▶ Data
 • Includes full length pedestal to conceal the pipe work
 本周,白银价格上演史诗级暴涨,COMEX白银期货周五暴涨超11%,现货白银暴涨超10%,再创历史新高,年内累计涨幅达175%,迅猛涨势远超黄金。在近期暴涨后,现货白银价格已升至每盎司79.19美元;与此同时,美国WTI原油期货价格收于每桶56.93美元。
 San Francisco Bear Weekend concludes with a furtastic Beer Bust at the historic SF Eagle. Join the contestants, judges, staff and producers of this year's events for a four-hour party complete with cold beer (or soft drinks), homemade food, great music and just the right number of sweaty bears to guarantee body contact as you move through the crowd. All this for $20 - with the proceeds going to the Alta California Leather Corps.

---

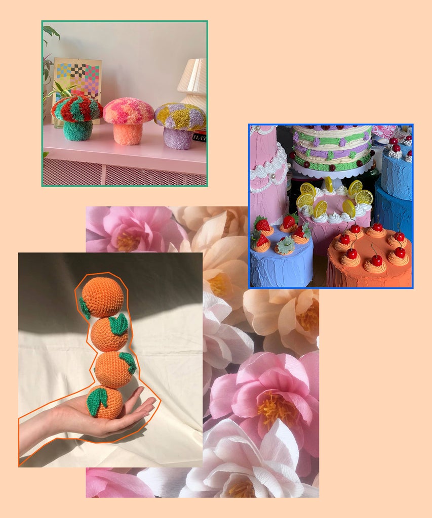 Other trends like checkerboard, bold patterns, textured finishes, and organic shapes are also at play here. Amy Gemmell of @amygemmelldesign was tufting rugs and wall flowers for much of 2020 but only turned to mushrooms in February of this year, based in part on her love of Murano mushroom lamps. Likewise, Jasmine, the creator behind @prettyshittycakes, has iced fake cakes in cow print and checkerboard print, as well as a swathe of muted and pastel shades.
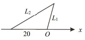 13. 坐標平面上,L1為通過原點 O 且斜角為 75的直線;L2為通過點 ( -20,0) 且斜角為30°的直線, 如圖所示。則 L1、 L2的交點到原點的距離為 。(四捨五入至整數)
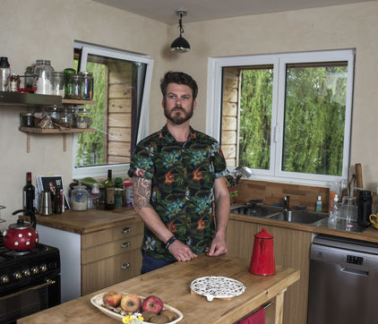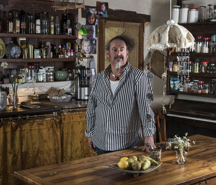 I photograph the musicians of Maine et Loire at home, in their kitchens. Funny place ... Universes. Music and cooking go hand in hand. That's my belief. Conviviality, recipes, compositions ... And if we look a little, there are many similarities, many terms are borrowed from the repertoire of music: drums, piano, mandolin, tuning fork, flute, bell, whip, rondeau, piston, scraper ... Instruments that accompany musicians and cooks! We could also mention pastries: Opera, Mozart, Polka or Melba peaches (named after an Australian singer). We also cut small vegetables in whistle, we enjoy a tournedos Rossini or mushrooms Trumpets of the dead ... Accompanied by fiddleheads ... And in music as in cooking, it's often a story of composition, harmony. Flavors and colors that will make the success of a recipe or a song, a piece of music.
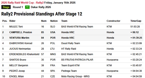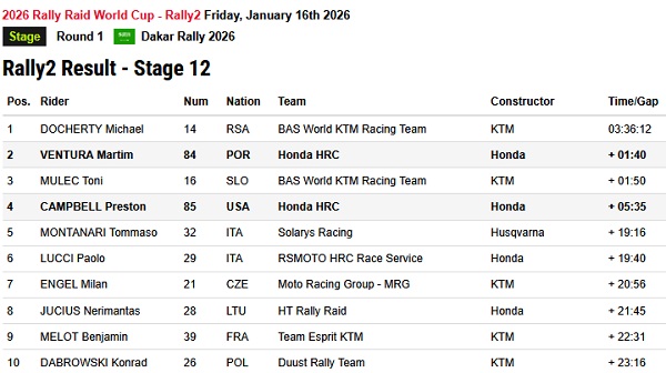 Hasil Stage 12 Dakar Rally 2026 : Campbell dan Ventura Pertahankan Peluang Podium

▶ Task details
Look above for the line containing "the pipe work" and the line containing "本周,白银价格上演史诗级暴涨". Transcribe both, with the lines between them, exactly.

▶ Reply to the exercise
 • Includes full length pedestal to conceal the pipe work
 本周,白银价格上演史诗级暴涨,COMEX白银期货周五暴涨超11%,现货白银暴涨超10%,再创历史新高,年内累计涨幅达175%,迅猛涨势远超黄金。在近期暴涨后,现货白银价格已升至每盎司79.19美元;与此同时,美国WTI原油期货价格收于每桶56.93美元。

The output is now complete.